76 Instead, the argument was treated as one which depended upon establishing that there was no new fact that was materially relevant to the exercise of the power. There remained a question, not addressed, as to whether there needed to be a new fact that was materially relevant to the satisfaction of the conditions that had to be met before there was any power.
77 In those circumstances, in my view, the decision in Parker does not decide the issue identified in these proceedings.
78 In Chetcuti v Minister for Immigration and Border Protection [2018] FCA 477, the power under s 501(2) had been considered in 2012 and a decision made not to cancel the visa of Mr Chetcuti. In 2017, the Minister exercised the power under s 501(3) to cancel Mr Chetcuit's visa. Although, as I have noted, the power conferred by s 501(3) is expressed in the same terms as the power to cancel conferred by s 501(2) the conditions that must be met before the power can be exercised are different. Importantly, s 501(3) includes a condition concerning the national interest. In those circumstances, Rares J found that the powers were distinct and the fact that there had been a considered decision not to exercise the power under s 501(2) in 2012 did not mean that the separate power under s 501(3) could not be exercised: at [53]. That was found to be the position irrespective of whether there had been no further offending in the interim.
79 Therefore, the case was decided on the basis that the separate power under s 501(3) was being exercised. Once that conclusion was reached, the case did not turn on whether the power under s 501(2) could be exercised from time to time. Rares J found that the prior exercise of the power under s 501(2) could not fetter the exercise of the different power under s 501(3) because the powers are independent and can operate in different factual scenarios: at [59].
80 At [57], Rares J held as follows concerning the effect of a change in circumstances:
I am of opinion, that the Minister was not precluded, in August 2017, from exercising afresh his discretions under each of s 501(2) and (3) in respect of Mr Chetcuti in the circumstances of his case, given the changes that had occurred since the 2012 decision. As Griffiths and Perry JJ held in Parker v Minister for Immigration and Border Protection (2016) 247 FCR 500 at 511 [36]-[38], with whom Mortimer J agreed on this aspect at 516-517 [67], 517-518 [71]-[73], the power to cancel a visa under s 501(2) can be exercised after an earlier decision not to cancel it, under that provision, if a relevant new fact emerges that potentially bears upon the exercise of the power. That was because s 33(1) of the Acts Interpretation Act provided that where an Act conferred a power, the power may be exercised "from time to time as occasion requires", and nothing in the Migration Act expressed a contrary intention.

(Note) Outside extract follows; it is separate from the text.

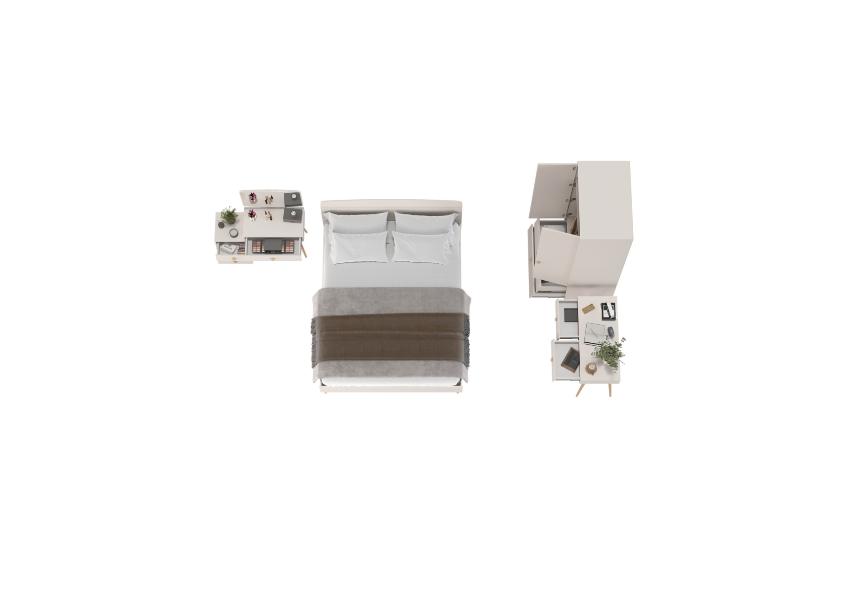 Туалетный столик Афина с кроватью 1600 со шкафом и столиком. Цвет - кашемир серый. Количество мебели - 4 шт. Комплектация включает кровать 1600 Афина 4-22901, туалетный столик Афина 4-25904, трюмо с зеркалом Афина 4-25901 и шкаф 2-х дверный Афина 4-75901.

81 Again, the question whether there was any significance in the relevant new fact being a matter that was only relevant to discretion under s 501(2) and not the satisfaction of the conditions (namely, suspicion and satisfaction as to whether the person satisfied the character test) was not addressed.
82 Most recently, in Makasa v Minister for Immigration and Border Protection [2018] FCA 1639, Burley J dealt with an argument that the there was no power in s 501(2) to exercise 'in relation to the same person on the same facts and circumstances': at [50]. The applicant for review accepted that if the Minister had relied upon his more recent offending then the ground of appeal would have merit. His Honour found that the predicate to the argument did not exist because the Minister did rely on the more recent offending and the ground of review was dismissed on that basis: at [51]. Therefore, the point at issue here was also not addressed in that decision.